As regular submissions are accepted, they're queued for publication on a space-available basis. A few years ago, our backlog of accepted manuscripts was fairly small, but in the past year or so, it's grown significantly: currently, manuscripts are published roughly a year after final revisions are accepted. This is long by IC's historical standards, although it's short compared to many journals.
What to do? One option we plan to explore is to publish content online before it appears in print. This option is tempered by the need to perform professional editing before publication (unlike journals); that is, we don't have the resources to edit the papers immediately rather than as they're prepared for printed publication.
Another obvious option is to vary selectivity — just like a stream-processing system might filter more or less data depending on the current load. Realistically, we must factor in a large backlog when deciding whether to add a specific manuscript to the queue.
What does this mean to you? As a reader, an increase in publishable material should mean a better magazine. However, it might mean that IC at some point has no theme per se and instead publishes several articles from this backlog, or that we'll hold off on creating new departments. As an author, my advice isn't that you should not submit regular manuscripts for consideration, but that you ask yourself some questions:
• How timely is the work? If it takes a few months to be accepted and then another year to appear, will it be "stale"?

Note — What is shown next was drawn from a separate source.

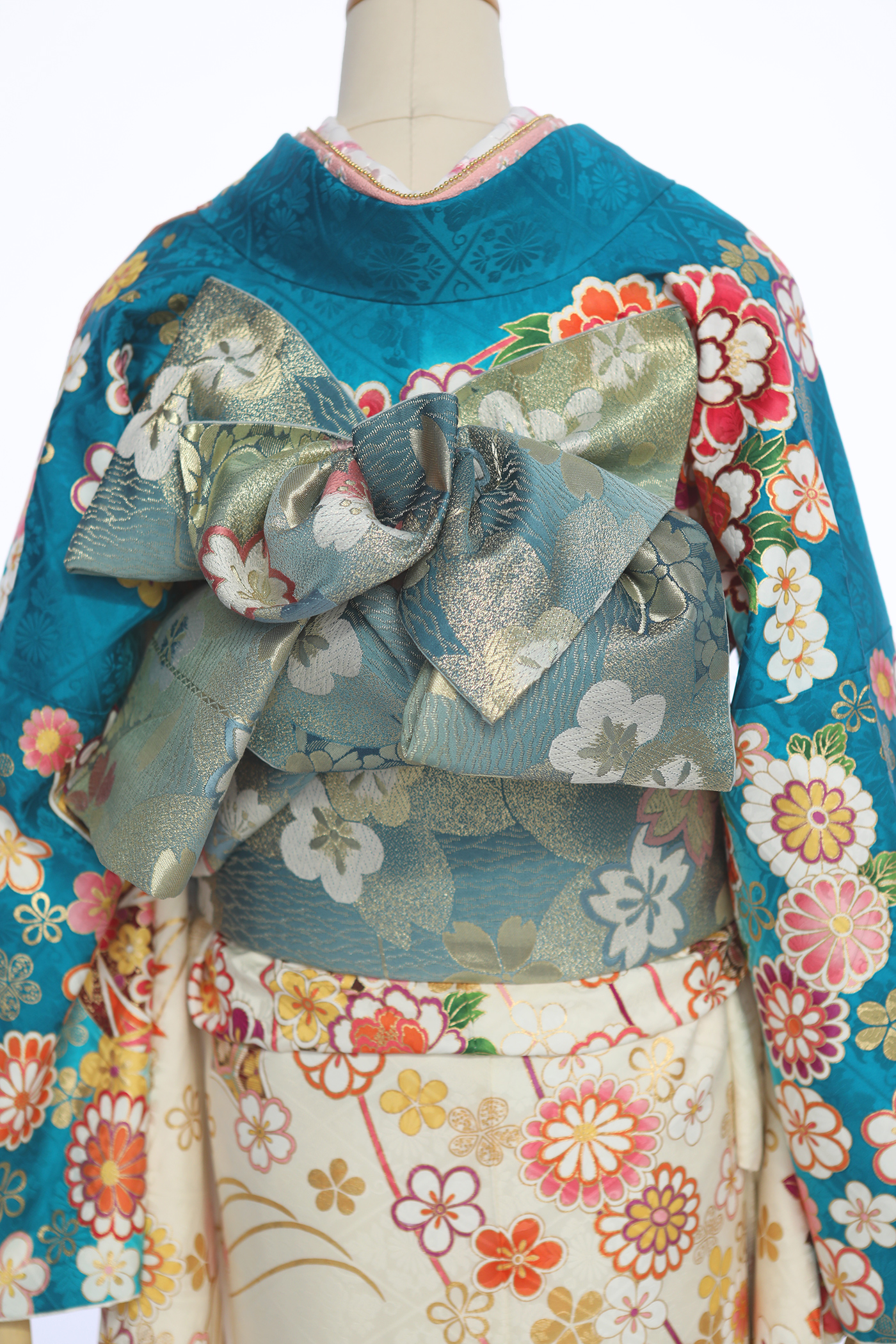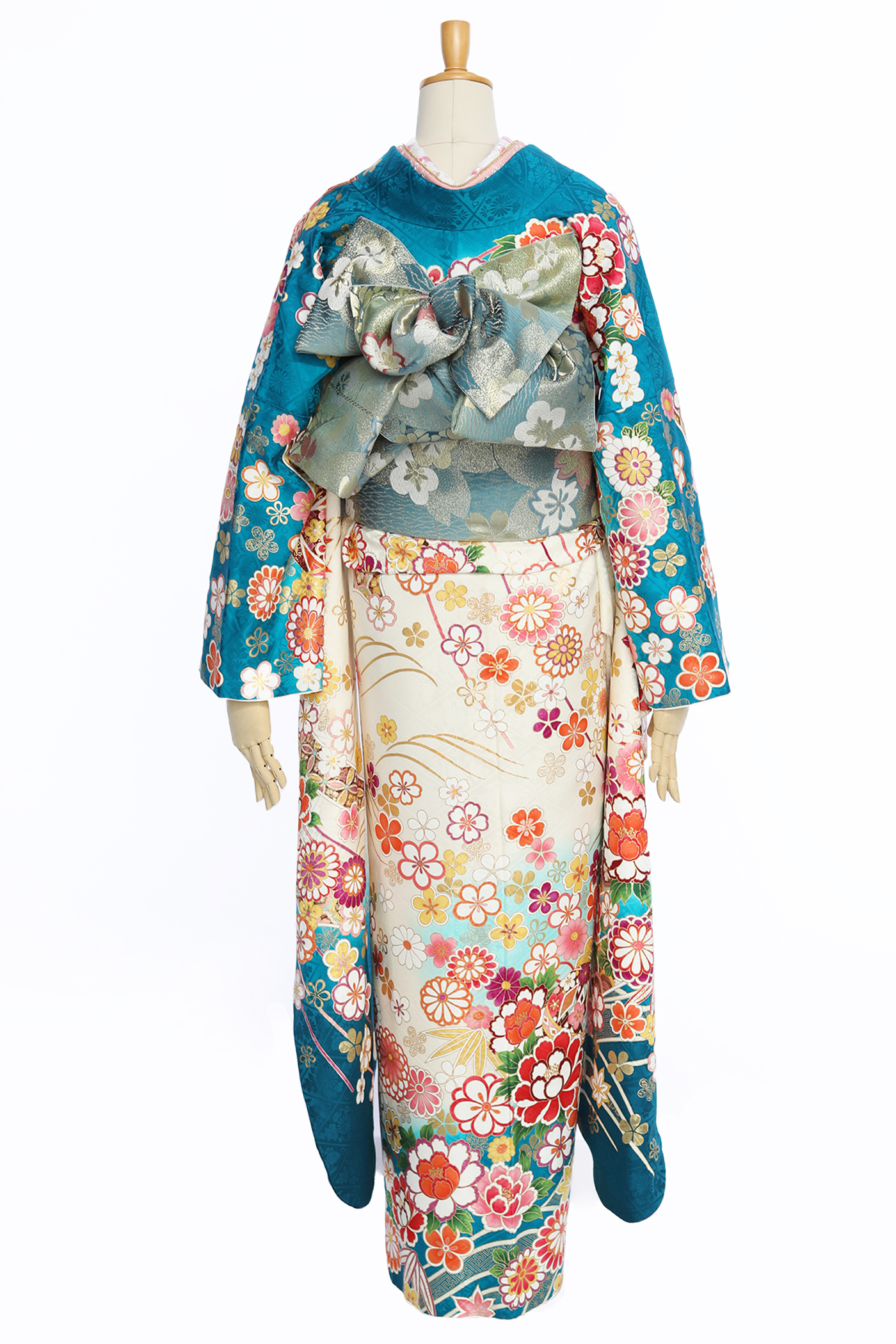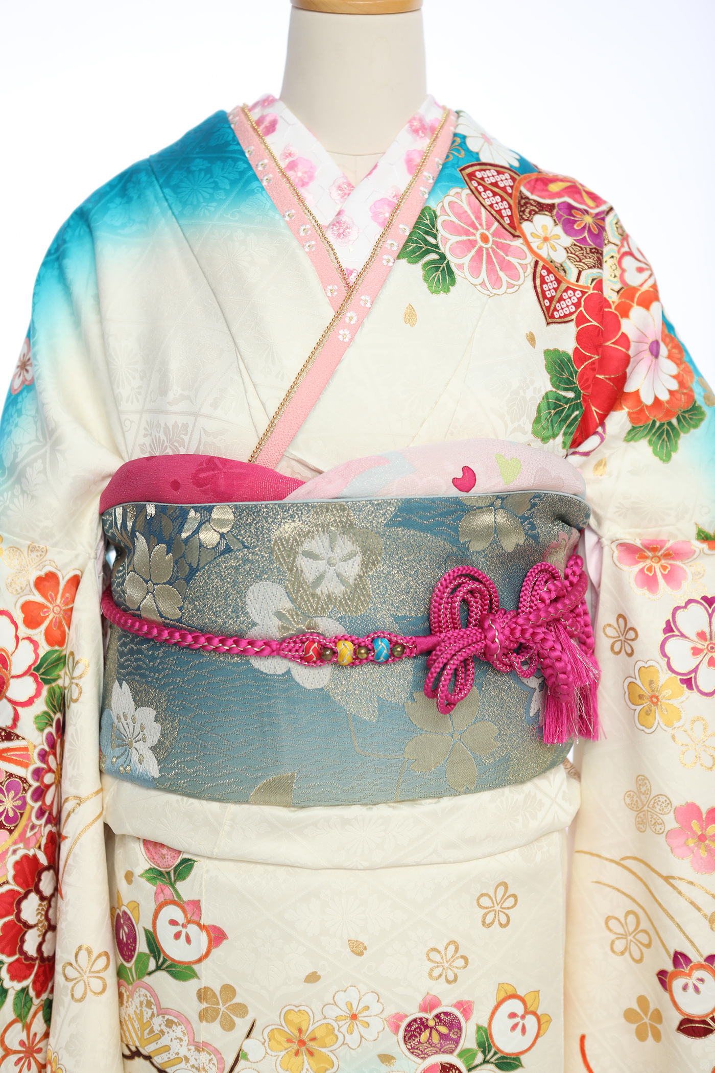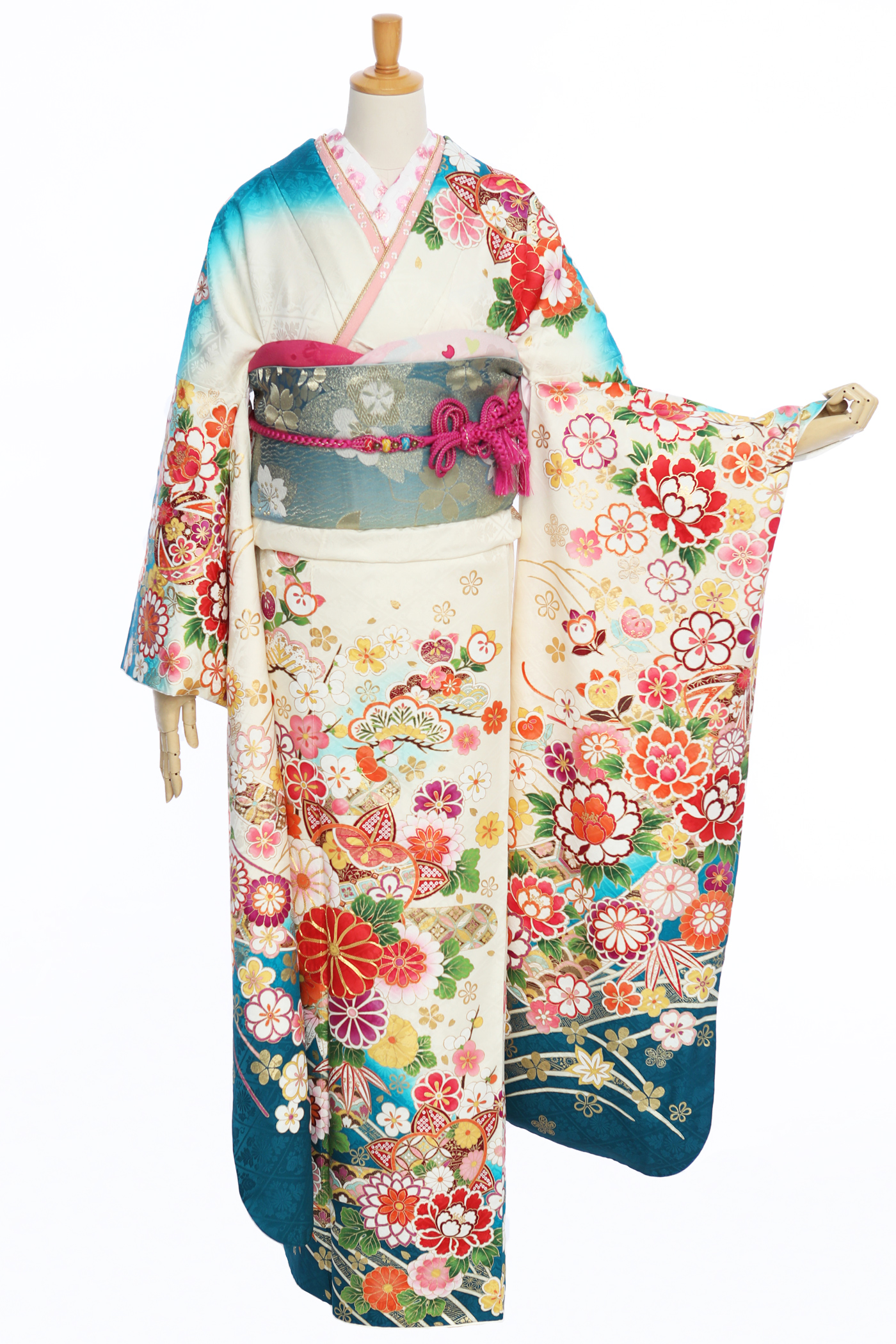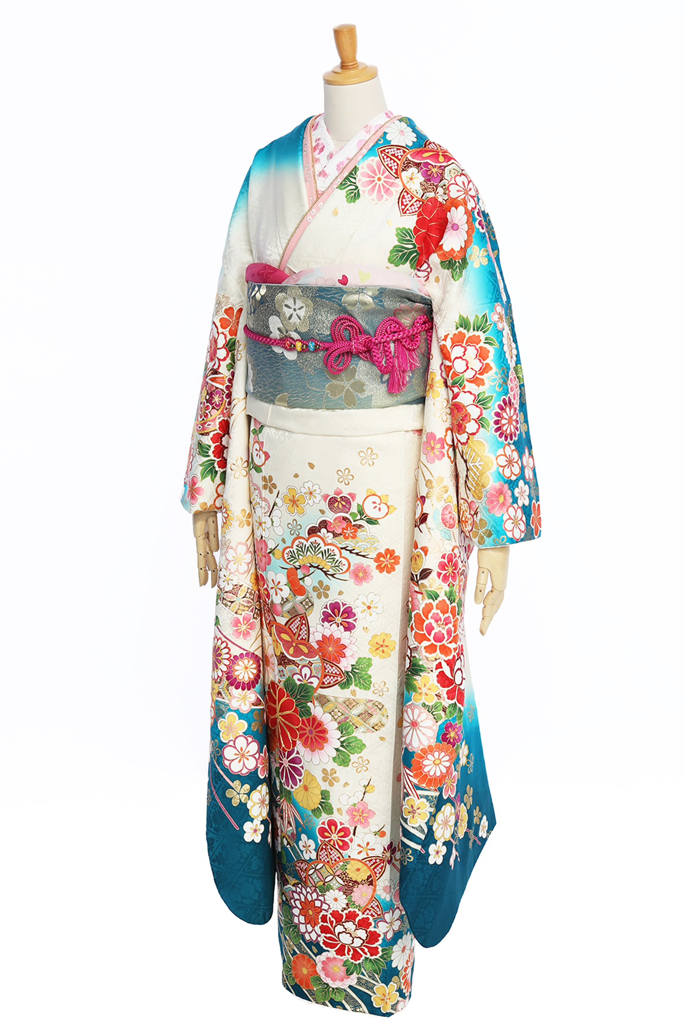 透き通る綺麗なブルーグラデーションが美しい。キレイ系にもカワイイ系にもなれる、王道古典振袖。

• How good is the work? I see a wide variety of submissions. I can characterize several as being student projects, or similar; this is the sort of content that might be great when presented by an undergraduate to a professor but that isn't technically deep enough for IC.
• How big is your bribe? OK, just kidding about that one.
Please don't get me wrong. We still want your best and most interestingwork — as long as you don't mind if it takes a while to get out there.
I've had fun at the helm of IC, and I look forward to continuing for another two years. As I conclude my first term as EIC, I'd like to give my warmest thanks to the staff (Rebecca Deuel, lead editor; Hazel Kosky, publications coordinator; and Steve Woods, magazine editorial manager), the associate editors in chief (Siobhán Clarke, handling columns and departments; Doug Lea, finishing up with managing theme issues; and Misha Rabinovich, who has recently assumed Doug's duties), and the editorial board and other regular contributors who generously donate their time in support of the magazine.
I thank Tim Dinger and Mark Feblowitz for helpful comments to improve this column. The opinions expressed in this column are my personal opinions. I speak neither for my employer nor for IEEE Internet Computing in this regard, and any errors or omissions are my own.